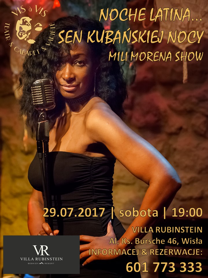 Największe szlagiery muzyki latynoskiej (…i nie tylko) zaśpiewa Gwiazda Teatru VIS a VIS, rodowita Kubanka, artystka sceny i estrady, charyzmatyczna i zjawiskowa MILI MORENA.
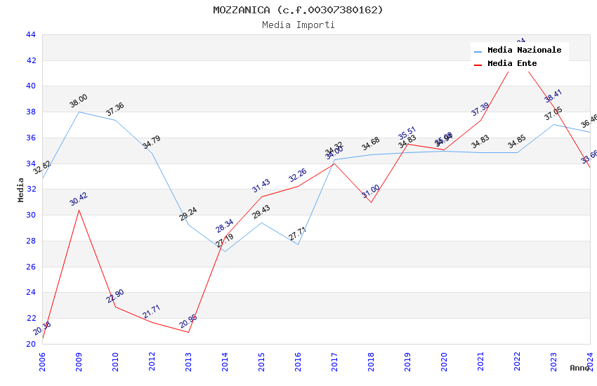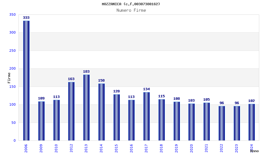 | Anno | Firme | Importi | Media | Naz. | Reg. | Prov. | Comu. |
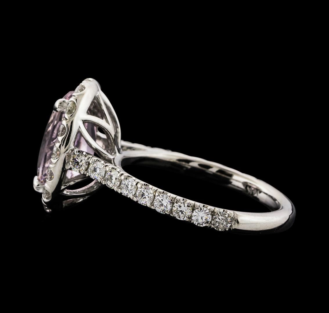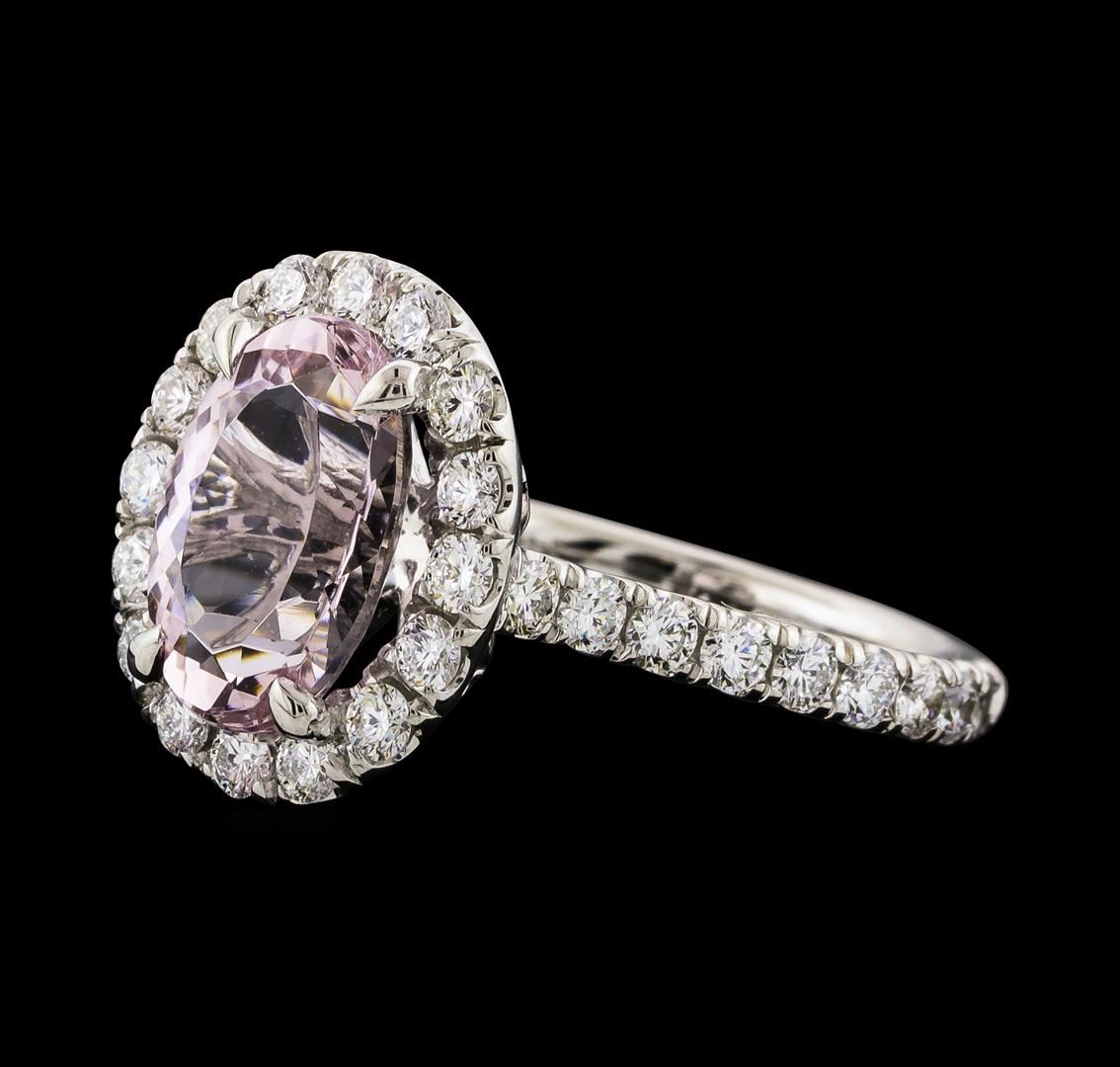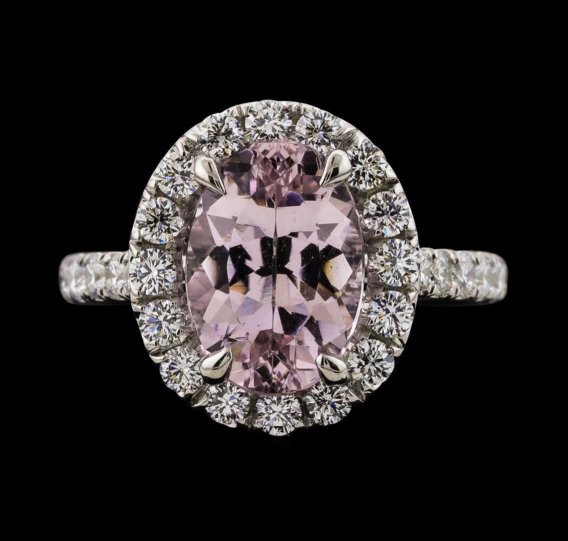 One Morganite and Diamond Ring featuring: 14KT White Gold with a total weight of 3.85 grams, Morganite with a total weight of 2.17ct, and side diamonds with a total weight of 1.00ctw.
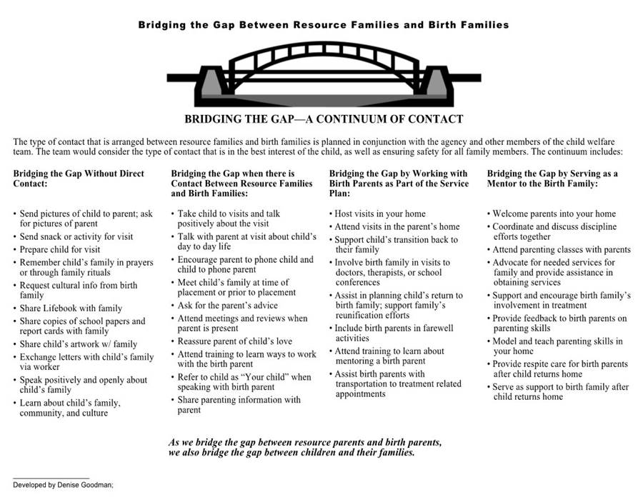 Goodman (cited DCCSDS 2015) suggests some other ways carers can partner with parents to support and promote lifelong relationships between children and their family members:
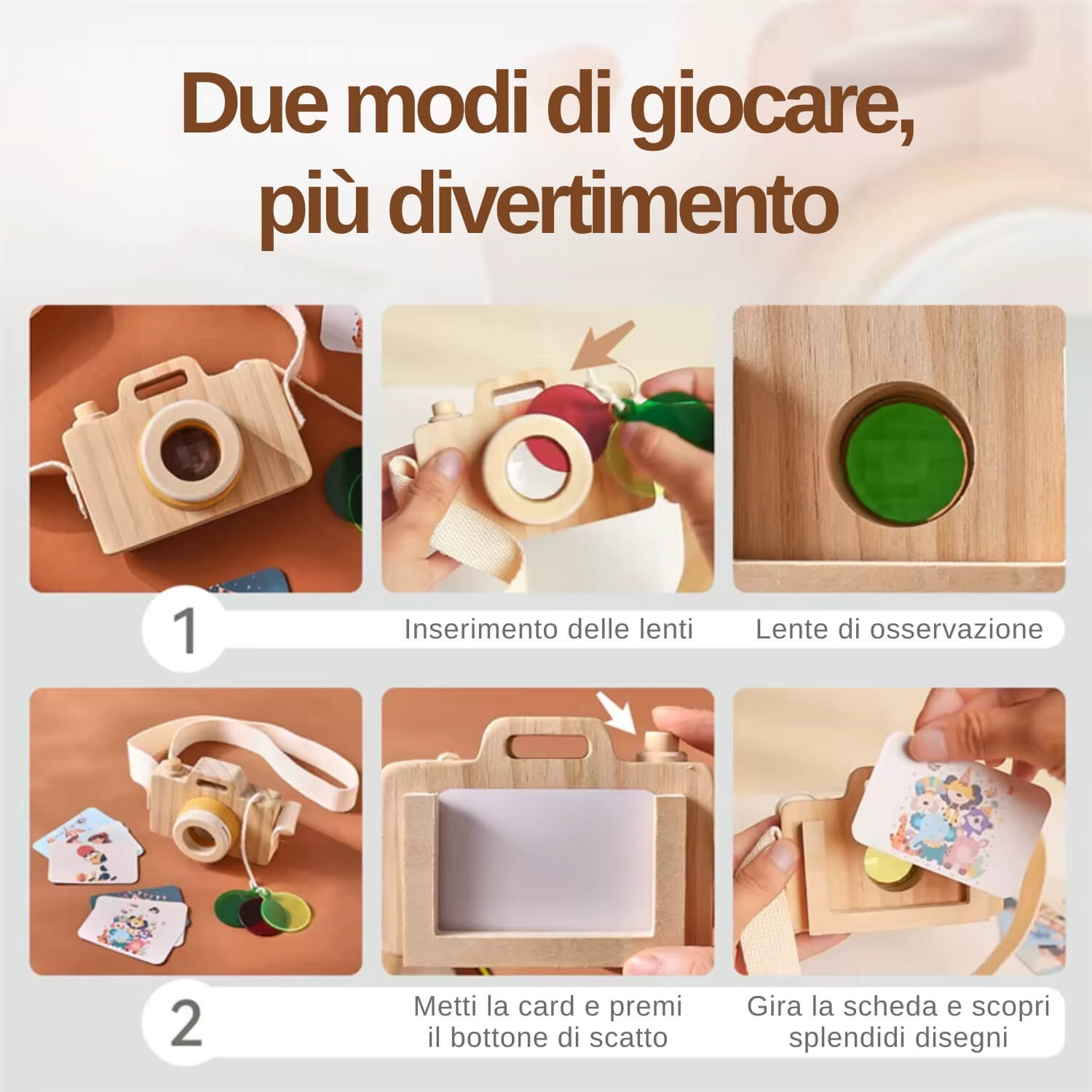 La macchina fotografica in legno offre due modalità di gioco: inserisci i filtri colorati per osservare il mondo con nuove tinte, oppure inserisci le card illustrate e premi il pulsante come un vero otturatore. Un gioco educativo in legno ispirato al metodo Montessori che allena osservazione, logica e gioco simbolico dai 18 mesi
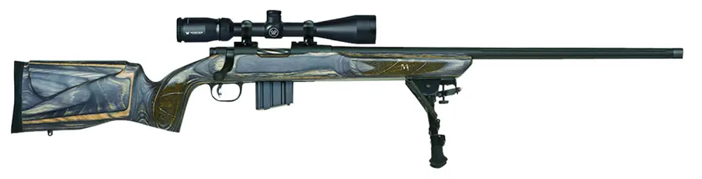 The MVP Varmint features a benchrest laminate stock, a 24" medium bull barrel, and a 4-16x50mm scope. It also features a LBA trigger.
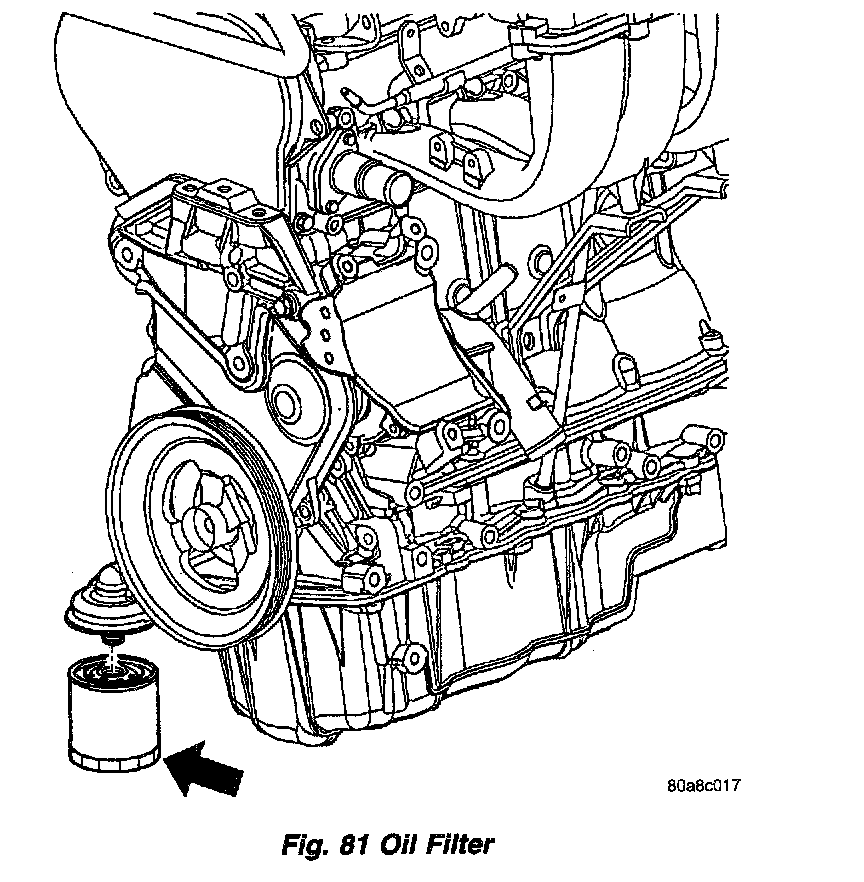 (Fig. 81) is a high quality full flow, disposable type. Replace the oil filter with a Mopar or the equivalent.
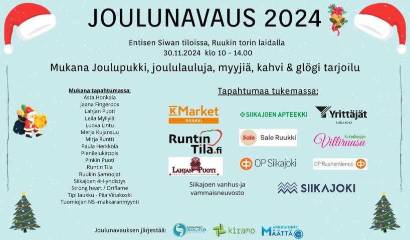 Joulunavaus entisen Siwan tiloissa, Ruukin Torin laidalla 30.11.2024 klo 10-14. Luvassa jouluohjelmaa, myyjiä, kahvi & glögi tarjoilu.
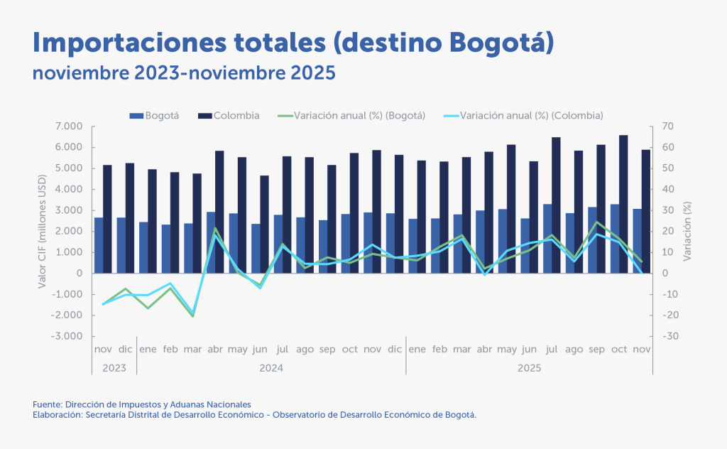 Las importaciones de bienes primarios registraron un incremento anual de 37,2 %, mientras que las de manufacturas aumentaron 3,1 % en noviembre de 2025.
################
→ **Work required**
Write out the records above once more, word for word, with no pictures.

→ **Task answer**
 Największe szlagiery muzyki latynoskiej (…i nie tylko) zaśpiewa Gwiazda Teatru VIS a VIS, rodowita Kubanka, artystka sceny i estrady, charyzmatyczna i zjawiskowa MILI MORENA.
 | Anno | Firme | Importi | Media | Naz. | Reg. | Prov. | Comu. |
 One Morganite and Diamond Ring featuring: 14KT White Gold with a total weight of 3.85 grams, Morganite with a total weight of 2.17ct, and side diamonds with a total weight of 1.00ctw.
 Goodman (cited DCCSDS 2015) suggests some other ways carers can partner with parents to support and promote lifelong relationships between children and their family members:
 La macchina fotografica in legno offre due modalità di gioco: inserisci i filtri colorati per osservare il mondo con nuove tinte, oppure inserisci le card illustrate e premi il pulsante come un vero otturatore. Un gioco educativo in legno ispirato al metodo Montessori che allena osservazione, logica e gioco simbolico dai 18 mesi
 The MVP Varmint features a benchrest laminate stock, a 24" medium bull barrel, and a 4-16x50mm scope. It also features a LBA trigger.
 (Fig. 81) is a high quality full flow, disposable type. Replace the oil filter with a Mopar or the equivalent.
 Joulunavaus entisen Siwan tiloissa, Ruukin Torin laidalla 30.11.2024 klo 10-14. Luvassa jouluohjelmaa, myyjiä, kahvi & glögi tarjoilu.
 Las importaciones de bienes primarios registraron un incremento anual de 37,2 %, mientras que las de manufacturas aumentaron 3,1 % en noviembre de 2025.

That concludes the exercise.